Friday, January 31

It's a Boat Metaphor

He is the “wind in my sail,” my sister once said of a friend who is very close to her. Who isn’t here anymore. So do I.

At one point, when the freshness of discovering facts and tastes about the other person was magical, he made me feel so free. I found a way to soar in our little boat which we, mistakenly, assumed was sturdily built. Suddenly, it leaks. Holes welcome water and my new skirt: water damage, water damage, water damage. What do I do with the notions of Cyprus? Or Spain? These notions…I amused myself with them. And he amused me with his. To learn foreign tongues among our foreign tongues, until irregular verbs were the most regular parts of our vocabulary. We made promises of forever. We swore it to each other.

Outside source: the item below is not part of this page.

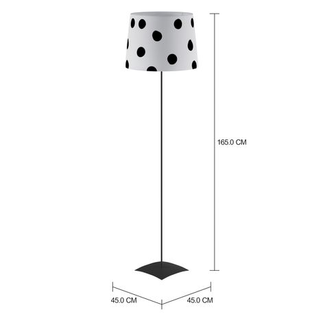 Base de luminária de piso, 127/220V, em chapa e tubo de aço com acabamento em pintura epóxi-pó e aplicação de verniz poliuretano. Possui soquete rosca E27.Cúpula com estrutura em aramado de aço com acabamento em pintura epóxi-pó revestida com acetato e tecido 100% poliéster com aplicação de estampa.

And now: leaks, holes, wet dress, wrinkly crinkly fingers, stupid tongues. Like prunes. We were supposed to turn to prunes together, but in a different way. There is the hope, I realize, when we reach shore and get out of the water. Nevertheless, the sea is big and so are our hearts and our hammers. Hope and reconstruction lie everywhere. But to keep building and mending old holes, to dry off only to be immersed again, to drown while learning the breast stroke, to learn to swim at all will not achieve the ‘forever’ dream. It just perpetuates the fantasy and the pain. One must realize their ability to survive in the deep waters without that ‘reliable and sturdy’ boat locked into the notion of forever.